▶ PROBLEM TO SOLVE: Quote every line of the data below as it stands, omitting pictures.

▶ TASK DATA:
____________________
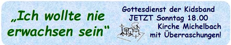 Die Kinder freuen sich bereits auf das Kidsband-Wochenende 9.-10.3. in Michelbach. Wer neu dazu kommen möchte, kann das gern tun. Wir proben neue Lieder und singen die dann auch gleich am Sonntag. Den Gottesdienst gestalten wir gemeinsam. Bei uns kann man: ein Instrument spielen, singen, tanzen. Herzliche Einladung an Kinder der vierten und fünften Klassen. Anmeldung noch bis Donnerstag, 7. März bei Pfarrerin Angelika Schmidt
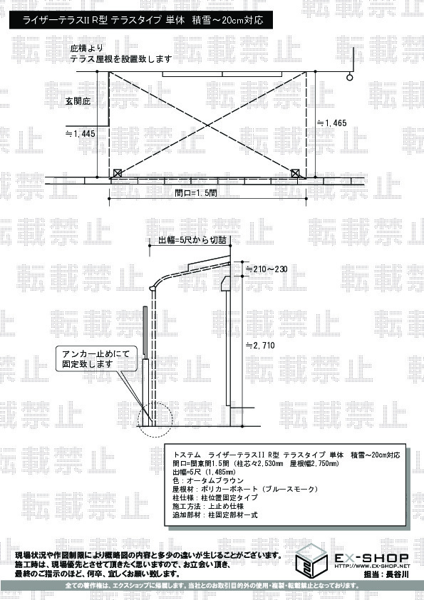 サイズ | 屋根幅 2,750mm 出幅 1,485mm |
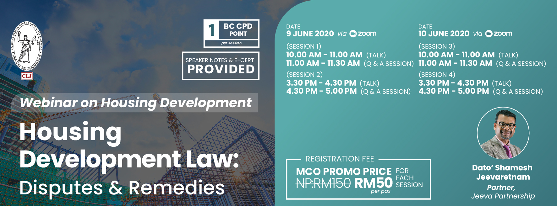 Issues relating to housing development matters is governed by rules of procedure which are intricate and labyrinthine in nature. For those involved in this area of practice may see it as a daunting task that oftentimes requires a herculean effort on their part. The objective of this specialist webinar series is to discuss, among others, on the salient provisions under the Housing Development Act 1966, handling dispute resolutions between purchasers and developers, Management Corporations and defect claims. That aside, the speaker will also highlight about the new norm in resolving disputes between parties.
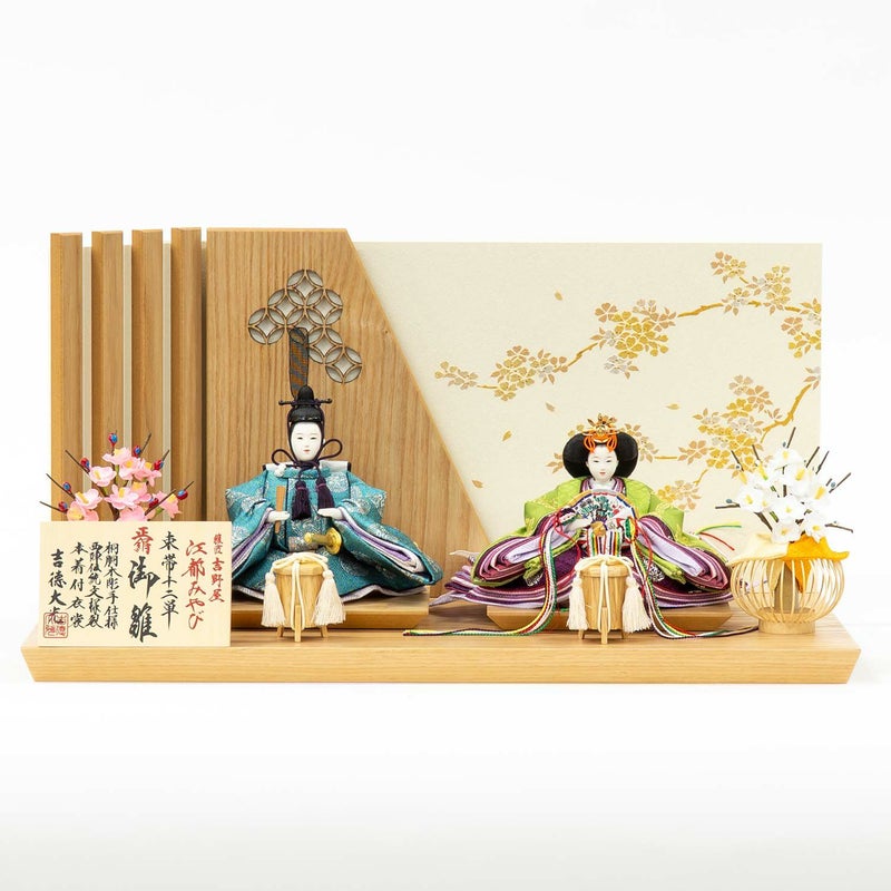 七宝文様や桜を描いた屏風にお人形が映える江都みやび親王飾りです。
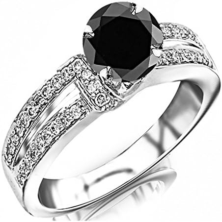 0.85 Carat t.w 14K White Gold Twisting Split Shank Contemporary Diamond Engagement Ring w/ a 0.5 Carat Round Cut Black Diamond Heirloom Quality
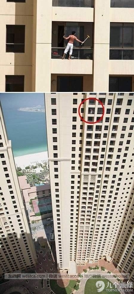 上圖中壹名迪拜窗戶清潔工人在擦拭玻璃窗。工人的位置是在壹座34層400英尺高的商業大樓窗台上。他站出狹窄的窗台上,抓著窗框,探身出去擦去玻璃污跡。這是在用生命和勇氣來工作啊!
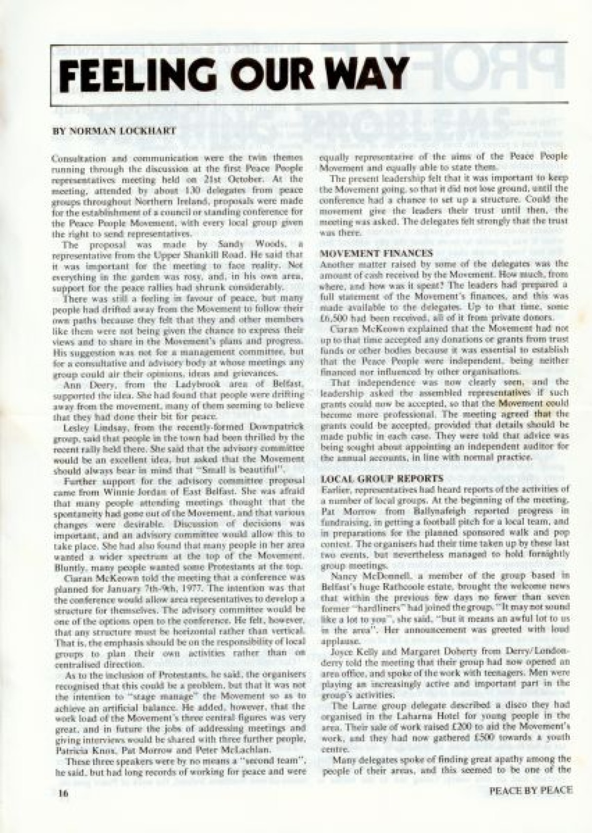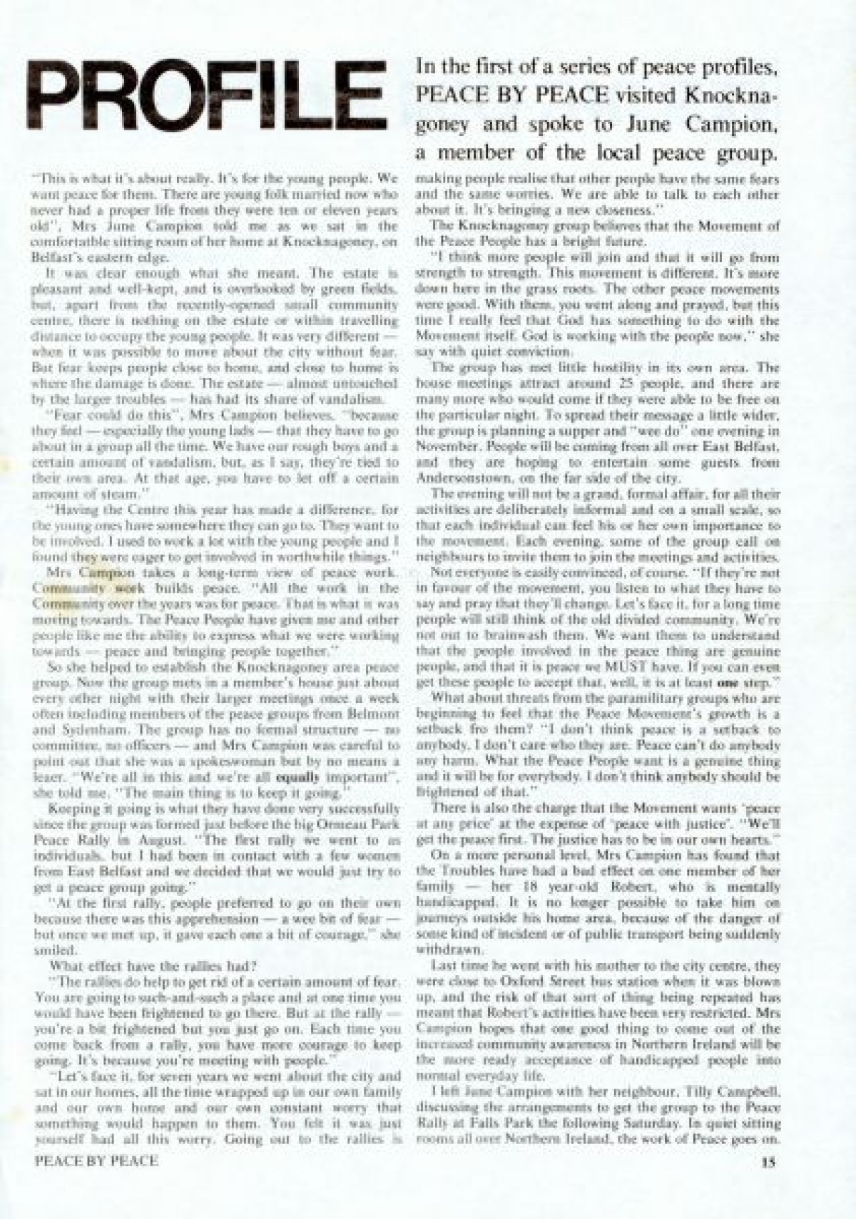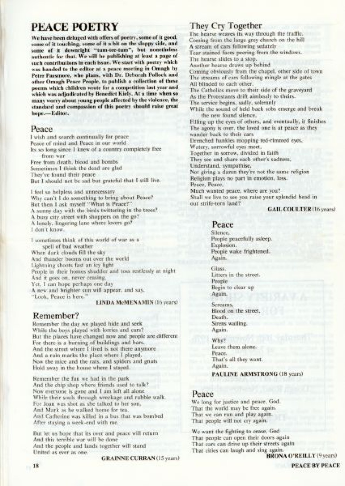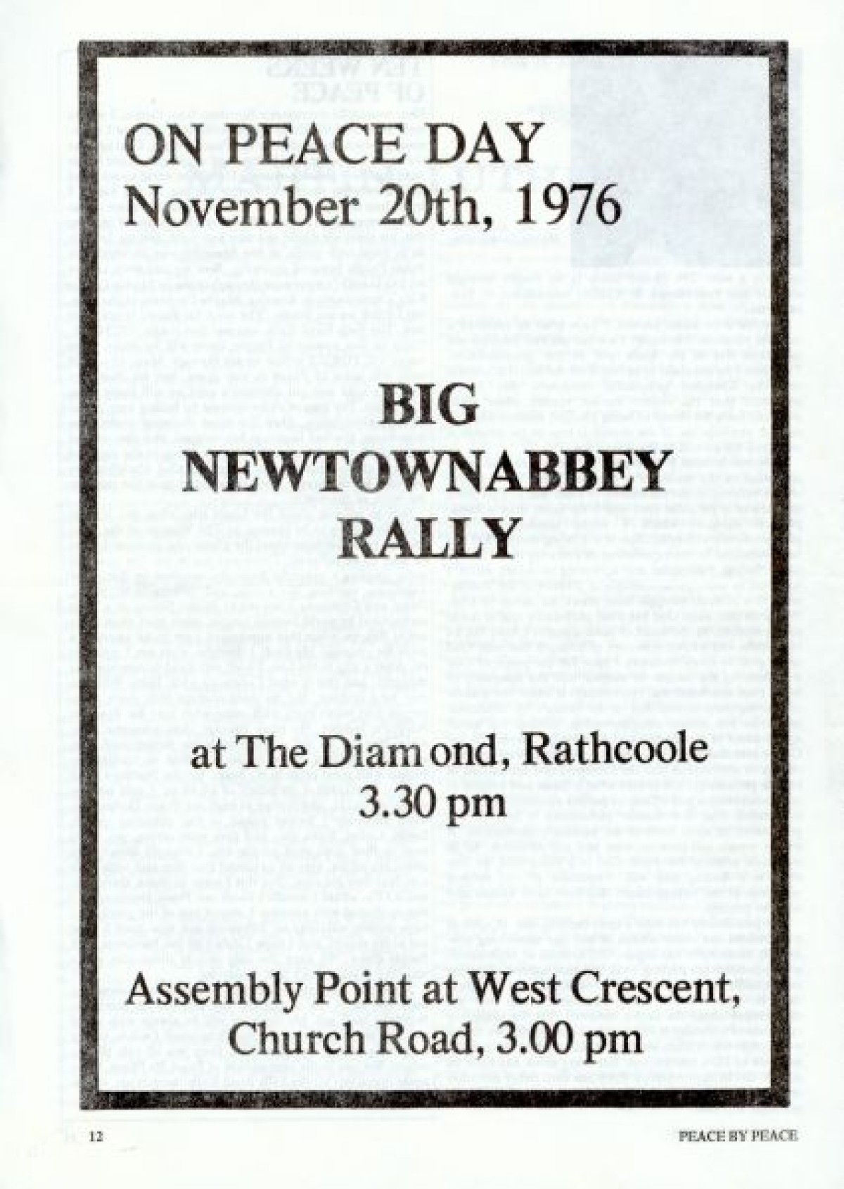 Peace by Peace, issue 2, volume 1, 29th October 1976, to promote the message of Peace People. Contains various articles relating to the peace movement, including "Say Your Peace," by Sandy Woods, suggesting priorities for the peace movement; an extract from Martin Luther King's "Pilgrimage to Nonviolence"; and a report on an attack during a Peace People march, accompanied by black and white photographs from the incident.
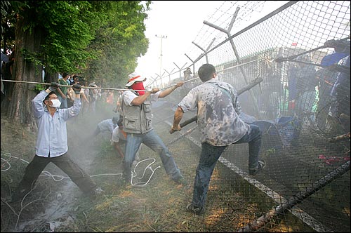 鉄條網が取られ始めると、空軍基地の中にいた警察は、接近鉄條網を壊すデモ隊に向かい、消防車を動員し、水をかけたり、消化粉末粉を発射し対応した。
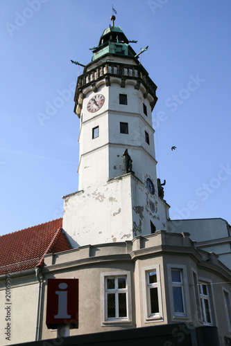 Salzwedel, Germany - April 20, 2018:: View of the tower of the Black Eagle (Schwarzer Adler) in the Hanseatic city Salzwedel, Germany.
____________________
▶ FINAL ANSWER:
 Die Kinder freuen sich bereits auf das Kidsband-Wochenende 9.-10.3. in Michelbach. Wer neu dazu kommen möchte, kann das gern tun. Wir proben neue Lieder und singen die dann auch gleich am Sonntag. Den Gottesdienst gestalten wir gemeinsam. Bei uns kann man: ein Instrument spielen, singen, tanzen. Herzliche Einladung an Kinder der vierten und fünften Klassen. Anmeldung noch bis Donnerstag, 7. März bei Pfarrerin Angelika Schmidt
 サイズ | 屋根幅 2,750mm 出幅 1,485mm |
 Issues relating to housing development matters is governed by rules of procedure which are intricate and labyrinthine in nature. For those involved in this area of practice may see it as a daunting task that oftentimes requires a herculean effort on their part. The objective of this specialist webinar series is to discuss, among others, on the salient provisions under the Housing Development Act 1966, handling dispute resolutions between purchasers and developers, Management Corporations and defect claims. That aside, the speaker will also highlight about the new norm in resolving disputes between parties.
 七宝文様や桜を描いた屏風にお人形が映える江都みやび親王飾りです。
 0.85 Carat t.w 14K White Gold Twisting Split Shank Contemporary Diamond Engagement Ring w/ a 0.5 Carat Round Cut Black Diamond Heirloom Quality
 上圖中壹名迪拜窗戶清潔工人在擦拭玻璃窗。工人的位置是在壹座34層400英尺高的商業大樓窗台上。他站出狹窄的窗台上,抓著窗框,探身出去擦去玻璃污跡。這是在用生命和勇氣來工作啊!
 Peace by Peace, issue 2, volume 1, 29th October 1976, to promote the message of Peace People. Contains various articles relating to the peace movement, including "Say Your Peace," by Sandy Woods, suggesting priorities for the peace movement; an extract from Martin Luther King's "Pilgrimage to Nonviolence"; and a report on an attack during a Peace People march, accompanied by black and white photographs from the incident.
 鉄條網が取られ始めると、空軍基地の中にいた警察は、接近鉄條網を壊すデモ隊に向かい、消防車を動員し、水をかけたり、消化粉末粉を発射し対応した。
 Salzwedel, Germany - April 20, 2018:: View of the tower of the Black Eagle (Schwarzer Adler) in the Hanseatic city Salzwedel, Germany.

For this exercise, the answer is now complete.